The balcony felt cold and claustrophobic. It kept closing in and in until she filled the entire rectangular space, the entire block, the entire town, the entire world with her thoughts and her feelings that she couldn’t rid herself of even when she talked it through with her grand-mother, her therapist, her friends, her former lovers (why did she fucking tell them?). Why wasn’t talking it through enough? GET OUT OF MY SYSTEM, her mind cried. But her system remained full. At all times. Like a beat boy’s blaring boom box – straight out of the 90’s.

She stared at the white circular pattern outlining the balcony - the barriers, as she saw them. Preventing her from coming and going, from leaving at will, protecting her through entrapment. She remembered how her cat would carelessly slither his body in and out between the circles, as if the two-story fall was non-existent. She missed her cat, Bowtie. His purr used to lull her into a rhythmic sleep. She envisioned his small grey face nuzzling into her armpit, and his tail swaying happily as he strutted along, owning that balcony – his very own runway.

Trying to erase this memory and all the others that made her stomach sick, she chomped on her cheeto puffs, ironically, smoked her cigarette, and pretended. She was calm and not claustrophobic and not scared out of her mind and agitated and antsy and sad and yearning and disappointed and stuck in a daily purgatory.

She pretended lots of things. When she was little she played psychologist and would make up stories for invisible patients and write down prescriptions to their problems on a legal pad. Now she pretended to be happy and stable. I suppose they tie into each other quite nicely.

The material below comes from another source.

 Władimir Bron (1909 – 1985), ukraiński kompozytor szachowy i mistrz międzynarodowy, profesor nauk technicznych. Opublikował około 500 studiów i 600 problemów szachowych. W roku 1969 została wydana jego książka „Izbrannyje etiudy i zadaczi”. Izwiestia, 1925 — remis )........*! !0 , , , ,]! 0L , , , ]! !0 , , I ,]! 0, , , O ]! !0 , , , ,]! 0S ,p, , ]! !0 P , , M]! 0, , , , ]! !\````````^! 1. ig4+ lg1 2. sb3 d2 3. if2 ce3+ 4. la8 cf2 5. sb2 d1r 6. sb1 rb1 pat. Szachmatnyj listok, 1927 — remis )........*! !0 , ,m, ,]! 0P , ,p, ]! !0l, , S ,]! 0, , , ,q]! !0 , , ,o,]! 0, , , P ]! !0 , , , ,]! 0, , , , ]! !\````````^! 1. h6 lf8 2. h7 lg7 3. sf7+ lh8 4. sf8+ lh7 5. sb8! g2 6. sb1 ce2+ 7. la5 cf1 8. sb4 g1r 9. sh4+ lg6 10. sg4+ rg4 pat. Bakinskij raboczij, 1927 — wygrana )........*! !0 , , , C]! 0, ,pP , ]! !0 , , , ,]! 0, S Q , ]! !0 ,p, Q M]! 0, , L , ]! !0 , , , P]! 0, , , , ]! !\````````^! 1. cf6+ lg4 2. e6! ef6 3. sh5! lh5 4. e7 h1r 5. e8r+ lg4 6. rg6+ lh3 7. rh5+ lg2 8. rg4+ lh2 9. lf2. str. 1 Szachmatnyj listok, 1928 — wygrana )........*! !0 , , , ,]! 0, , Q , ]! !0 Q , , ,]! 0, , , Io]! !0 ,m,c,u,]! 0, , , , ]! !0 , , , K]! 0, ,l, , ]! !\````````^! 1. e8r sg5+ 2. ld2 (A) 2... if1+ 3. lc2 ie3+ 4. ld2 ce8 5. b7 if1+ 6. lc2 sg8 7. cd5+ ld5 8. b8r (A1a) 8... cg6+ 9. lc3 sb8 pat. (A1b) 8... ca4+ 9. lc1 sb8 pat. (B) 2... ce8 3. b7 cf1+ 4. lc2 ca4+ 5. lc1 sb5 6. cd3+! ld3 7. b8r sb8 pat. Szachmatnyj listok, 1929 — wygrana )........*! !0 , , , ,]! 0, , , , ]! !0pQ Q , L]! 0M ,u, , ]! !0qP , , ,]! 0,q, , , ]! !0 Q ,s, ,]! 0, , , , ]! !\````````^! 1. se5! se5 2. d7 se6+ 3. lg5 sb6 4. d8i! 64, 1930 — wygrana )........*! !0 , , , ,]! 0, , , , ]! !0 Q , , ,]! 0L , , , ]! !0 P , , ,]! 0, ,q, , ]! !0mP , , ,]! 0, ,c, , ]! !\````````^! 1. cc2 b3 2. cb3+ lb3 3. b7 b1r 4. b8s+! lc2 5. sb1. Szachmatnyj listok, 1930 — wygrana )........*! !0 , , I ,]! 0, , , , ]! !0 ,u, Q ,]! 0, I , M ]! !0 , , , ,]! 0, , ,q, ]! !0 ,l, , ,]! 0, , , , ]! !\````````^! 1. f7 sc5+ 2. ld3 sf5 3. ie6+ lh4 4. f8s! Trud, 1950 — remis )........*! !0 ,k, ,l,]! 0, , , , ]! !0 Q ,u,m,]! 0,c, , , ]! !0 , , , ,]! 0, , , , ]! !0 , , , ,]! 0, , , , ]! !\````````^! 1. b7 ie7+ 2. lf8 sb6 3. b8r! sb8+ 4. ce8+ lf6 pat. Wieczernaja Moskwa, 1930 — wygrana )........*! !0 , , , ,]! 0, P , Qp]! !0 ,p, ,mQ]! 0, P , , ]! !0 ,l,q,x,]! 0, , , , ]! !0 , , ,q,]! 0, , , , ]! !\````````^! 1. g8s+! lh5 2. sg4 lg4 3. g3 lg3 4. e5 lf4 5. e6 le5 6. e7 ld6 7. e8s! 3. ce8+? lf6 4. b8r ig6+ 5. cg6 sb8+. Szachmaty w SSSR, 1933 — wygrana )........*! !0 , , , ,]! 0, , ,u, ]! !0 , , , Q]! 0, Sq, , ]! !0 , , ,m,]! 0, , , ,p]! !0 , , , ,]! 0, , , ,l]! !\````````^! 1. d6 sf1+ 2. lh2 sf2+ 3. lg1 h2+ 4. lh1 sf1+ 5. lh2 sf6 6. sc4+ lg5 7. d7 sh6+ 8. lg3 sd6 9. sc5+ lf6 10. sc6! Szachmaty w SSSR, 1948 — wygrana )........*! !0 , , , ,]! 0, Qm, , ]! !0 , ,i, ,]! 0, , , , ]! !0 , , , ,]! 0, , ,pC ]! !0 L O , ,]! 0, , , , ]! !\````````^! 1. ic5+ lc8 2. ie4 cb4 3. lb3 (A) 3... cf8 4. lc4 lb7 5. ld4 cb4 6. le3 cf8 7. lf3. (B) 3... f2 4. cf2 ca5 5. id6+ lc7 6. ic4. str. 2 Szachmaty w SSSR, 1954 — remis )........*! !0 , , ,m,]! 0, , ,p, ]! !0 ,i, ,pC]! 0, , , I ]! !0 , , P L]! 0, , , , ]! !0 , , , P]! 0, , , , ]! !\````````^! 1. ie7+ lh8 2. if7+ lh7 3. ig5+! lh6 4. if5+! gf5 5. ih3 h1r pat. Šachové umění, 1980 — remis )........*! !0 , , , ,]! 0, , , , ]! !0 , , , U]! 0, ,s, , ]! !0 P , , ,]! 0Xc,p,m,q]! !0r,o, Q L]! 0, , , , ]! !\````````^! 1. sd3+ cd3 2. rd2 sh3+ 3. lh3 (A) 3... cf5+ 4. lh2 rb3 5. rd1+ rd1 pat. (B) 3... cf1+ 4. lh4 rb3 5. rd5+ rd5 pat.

She was fine, just fine. At least that’s what she told the world. At least that’s what her painted veil of a face said to strangers when they first met.  That’s what she told Pete, when they met indoors, in the room. But when he told her to be honest, it was like a lie detector test, and she couldn’t lie and the words came out and her skin came off and he saw her skeleton and her bruised bones and her imperfections and he did not embrace them like they do in romance novels or the movies. He said goodbye. And she cried because she was worried they always would. All she wanted was to hear hello, instead of goodbye. But maybe that was too much to ask. 

2 comments:

Anonymous said...

HELLO!!!!!!!

Anonymous said...

this is so beautifully written...and rings true in so many ways..you are a Writer!